Vulnerability governance: New vulnerabilities are found every day. To stay current, companies should use a governance framework to identify new assessments, risk-management processes or testing requiring modification to the existing VM program.

Using a governance framework ensures alignment with a company’s priorities, maintains high-level visibility and provides the following indicators:

  • Key performance indicators
  • Key risk indicators
  • Service level agreements 

Testing and assessment: While most companies already use testing and assessment, many are not thorough enough. “Those who own an organization’s risk management should adjust tests to include defined criteria to achieve specific Service-Level Agreements (SLAs),” Schorr advised. “And those testing forms should be linked to vulnerability governance and the risk-management functions.”

Risk management: It’s a broad umbrella under which threat intelligence and incident management fall. Those responsible for risk management can combine holistic risk management plus testing and assessment results to generate a risk profile of potential cyberattacks.

Change management: Helping those responsible for governance, risk management, and compliance (GRC) manage patches, inform and guide configuration management and manage organizational changes fosters communication throughout the company. “Even in siloed environments, change management ensures stakeholders receive timely updates and potential impacts of changes on each operation’s processes,” Schorr said.

Patch management: Sometimes repairing identified vulnerabilities competes with other IT initiatives when deciding priority.
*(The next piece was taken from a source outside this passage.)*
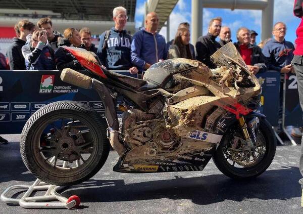 Gara ridotta a 12 dei 14 giri previsti a causa della pioggia, che ha cessato di cadere solo nel corso della gara. La pista bagnata e la scarsa abitudine dei piloti ad utilizzare le Dunlop in queste condizioni (è stata la prima gara bagnata del 2022) ha fatto subito una vittoria illustre in Michele Pirro, caduto all’uscita della prima curva. Una scivolata che ha ricordato quella del 2019, quando il pilota del Team Barni Racing Ducati risalì in sella e iniziò a recuperare posizioni sino ad andare a raccogliere una vittoria incredibile che resterà negli annali del CIV. Questa volta però Pirro non è riuscito a ritornare subito in pista. Rientrato in ultima posizione con un grave ritardo, Michele ha iniziato a girare più velocemente di tutti, tanto che è risalito sino all’ottavo posto, quando però nel corso dell’ottavo passaggio è stato nuovamente vittima di una caduta. Pur se con la moto infangata e danneggiata dalla doppia scivolata, il Campione Italiano uscente ha voluto portare a termine la gara in undicesima posizione, raccogliendo così cinque punti, che hanno incrementato il suo vantaggio in classifica su Alessandro Delbianco.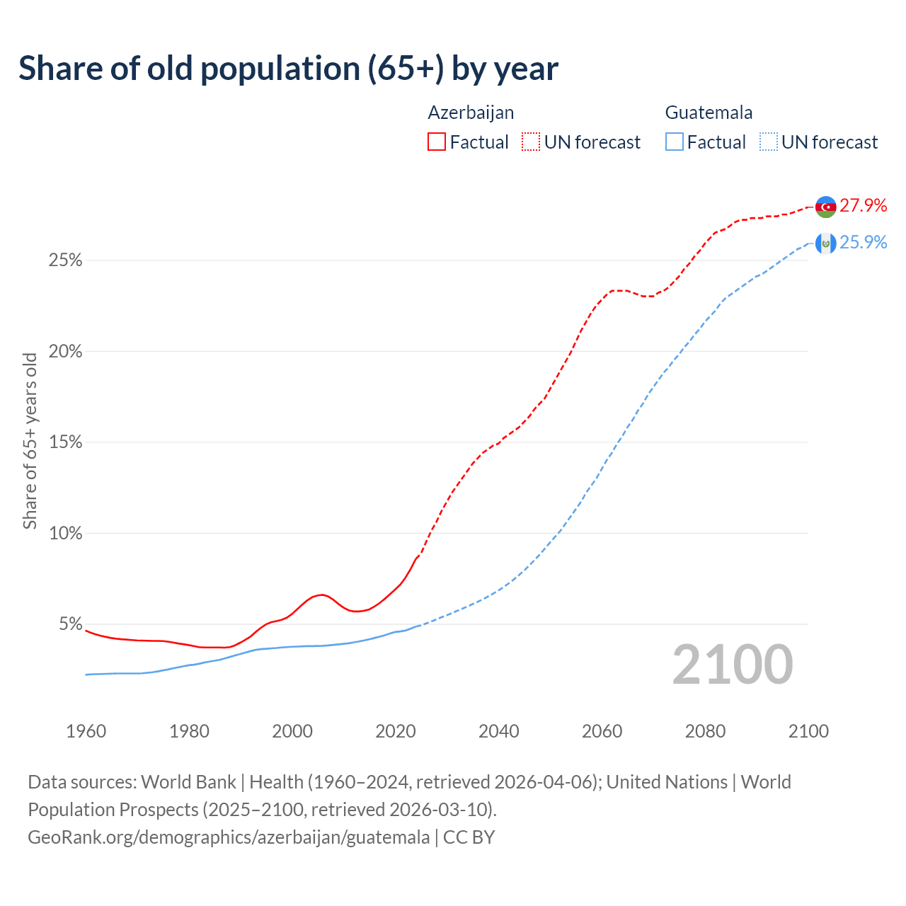 - The share of old-age demographic (65+) in Azerbaijan is 8.56% vs 4.85% in Guatemala.

When creating a policy to determine what priority to give initiatives, those responsible need to consider:

  • How to deliver patches to network assets
  • When to apply the patches
  • Whether any or all of the network must be disabled to allow teams to address and apply fixes to major vulnerabilities

SEE: How to manage passwords: Best practices and security tips (free PDF) (TechRepublic)
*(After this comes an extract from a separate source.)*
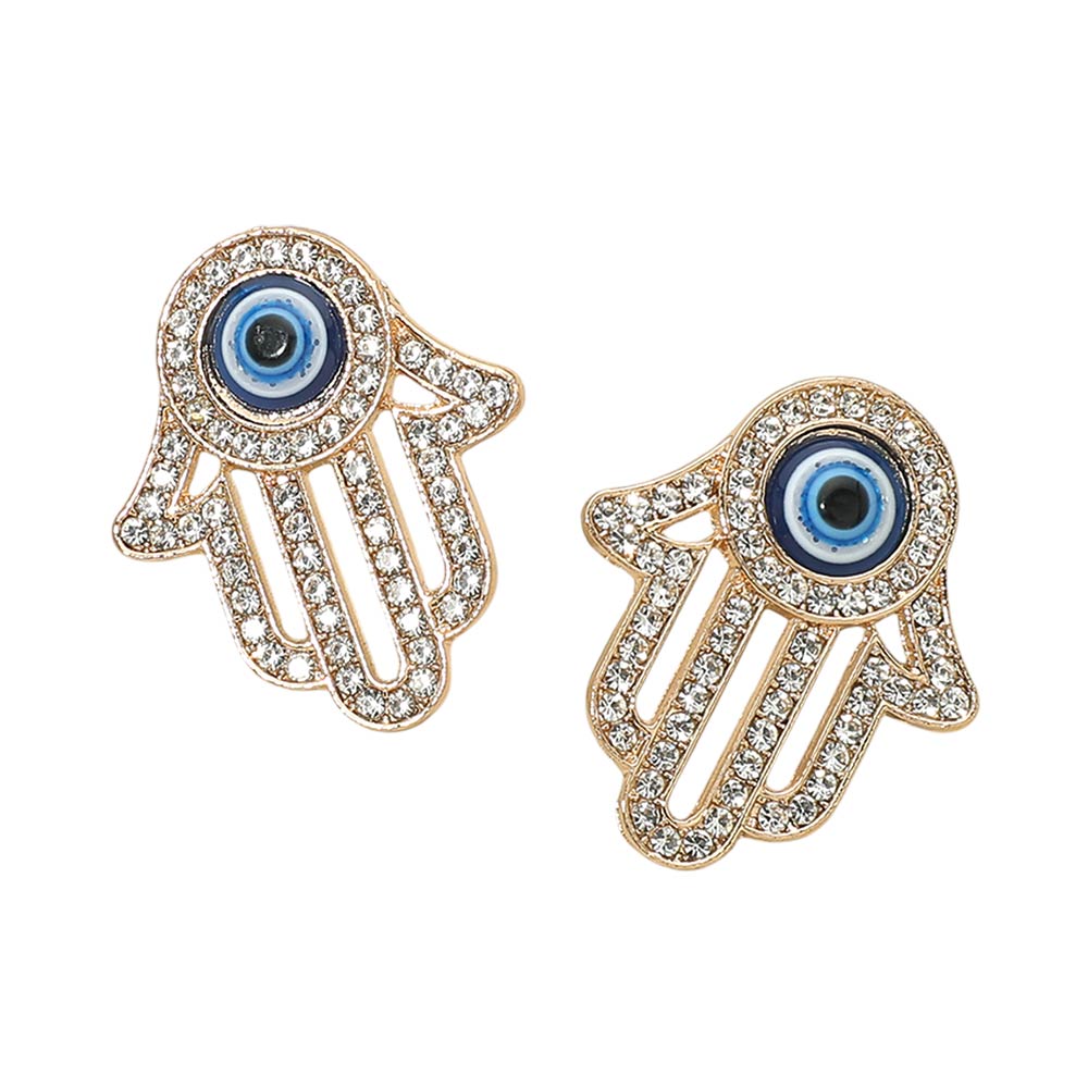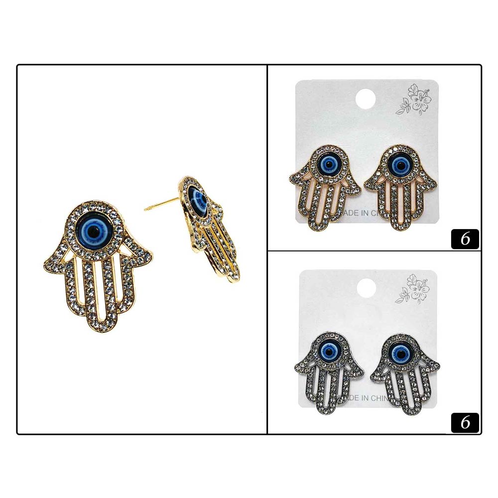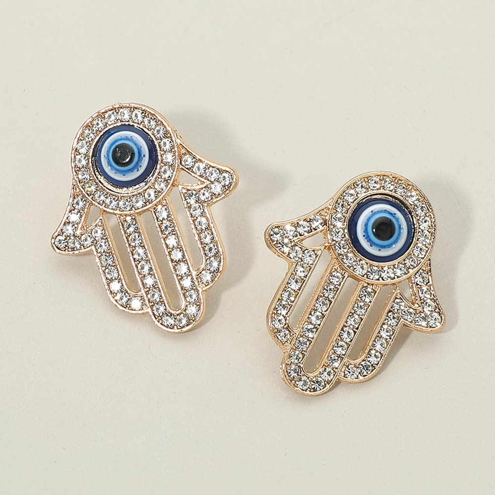 12Pairs - Evil Eye Accent Rhinestone Pave Hamsa Hand Earrings

Best practices for implementing a holistic VM program

Schorr offered the following list of best practices for implementing an effective holistic VM program:

Define the VM program’s goals, objectives and scope, and gain buy-in from the company’s leadership.

Identify all organizational assets vulnerable to cyberattack—accounting, customer data, mission-critical data and all compliance requirements.

Select the appropriate scalable tech to support the organization as it evolves.

Create a clear, consistent communication channel between technical personnel and upper management for providing updates and recommendations about risks and assets.

Train every employee on the VM program—once employees understand and buy into the VM program, they’re more likely to use it.

Create procedures to determine the frequency of scans and create/distribute reports efficiently to the appropriate personnel.

Develop remediation activities and processes to address issues requiring more than patches. Those activities might include:

  • Updating asset network locations
  • Decommissioning assets
  • Uninstalling/disabling/upgrading services or software
  • Modifying configurations

Set clear expectations for each team with agreements—like an internal equivalent of SLAs—so everyone works cooperatively and efficiently toward a common goal of protecting an organization’s assets.

Establish a disaster -recovery process. Whether it’s included as part of the VM program or the VM program is folded into the disaster recovery plans, companies without a formal process to handle a disaster—natural or man-made—affecting technical assets, leave themselves open to financial and reputational risk.

Final thoughts

Schorr builds a strong case for implementing a holistic VM program. He concluded with this observation: “Innovative product development and a robust approach help companies prioritize security, which in turn allows the development of a VM program that will be taken seriously.”